Allied Technologies has begun a fresh round of discussions with several potential buyers to sell the business. The announcement comes after the services company reported a marked improvement in its financials, chalking up a positive net result for the first six months to December 31, 2005.
The company recorded a net profit of $1.2 million, representing a rise of $2.5 million compared to the corresponding period last year.
The result is largely thanks to the sale of its TUSC Computer Systems division, which contributed $1.4 million in net profit.
The telecoms and utility subsidiary was sold to Ericsson in November for $9.5 million.
This sum was $2.8 million higher than that paid by Allied 12 months ago.
Even without the sale, Allied's profit column improved considerably, rising from a $1.5 million loss in the six months to December 2004, to a $270,000 loss for the first half of this year.
Chairman and managing director, Michael Addison, said the lift was the result of its rationalisation program and reduction of fixed overheads. This included cuts to its senior management layer, he said.
However, revenues between corresponding periods decreased by 7.9 per cent, or from $12.4 million to $11.4 million. In an ASX statement, the company said the higher 2004 figure was due to two large infrastructure contracts which had not been replicated this year.
The next step was to confirm a new buyer for Allied, Addison said.
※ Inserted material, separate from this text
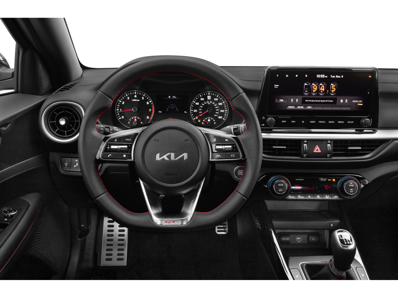 Forte GT, 4D Sedan, 1.6L I4 Turbo, 6-Speed Manual, FWD, Sporty Blue, Black Cloth, 18 x 7.5J Alloy Wheels, 4-Wheel Disc Brakes, 8 Speakers, ABS brakes, Air Conditioning, Alloy wheels, AM/FM radio: SiriusXM, Apple CarPlay & Android Auto, Auto High-beam Headlights, Automatic temperature control, Brake assist, Bumpers: body-color, Delay-off headlights, Driver door bin, Driver vanity mirror, Dual front impact airbags, Dual front side impact airbags, Electronic Stability Control, Emergency communication system, Exterior Parking Camera Rear, Four wheel independent suspension, Front anti-roll bar, Front Bucket Seats, Front Center Armrest, Front dual zone A/C, Front fog lights, Front reading lights, Fully automatic headlights, harman/kardon® Speakers, Heated door mirrors, Heated Front Bucket Seats, Heated front seats, Illuminated entry, Leather Shift Knob, Leather steering wheel, Low tire pressure warning, Navigation System, Occupant sensing airbag, Outside temperature display, Overhead airbag, Overhead console, Panic alarm, Passenger door bin, Passenger vanity mirror, Power door mirrors, Power moonroof, Power steering, Power windows, Radio data system, Radio: harman kardon Premium Audio, Rear anti-roll bar, Rear reading lights, Rear seat center armrest, Rear window defroster, Remote keyless entry, Security system, Speed control, Split folding rear seat, Spoiler, Sport steering wheel, Steering wheel mounted audio controls, SynTex Seat Trim, Tachometer, Telescoping steering wheel, Tilt steering wheel, Traction control, Trip computer, Turn signal indicator mirrors, and Variably intermittent wipers.

The company struck a reverse takeover deal with building services company, ARA Group, in January, but terminated the agreement this month.
At the time, he claimed it was mutual decision to cancel the deal.
The company is now investigating several alternative offers. Addison hoped to confirm a sale within the next six months.
"ARA wasn't the only game in town," he said. "We have identified other opportunities and are going down one of these roads."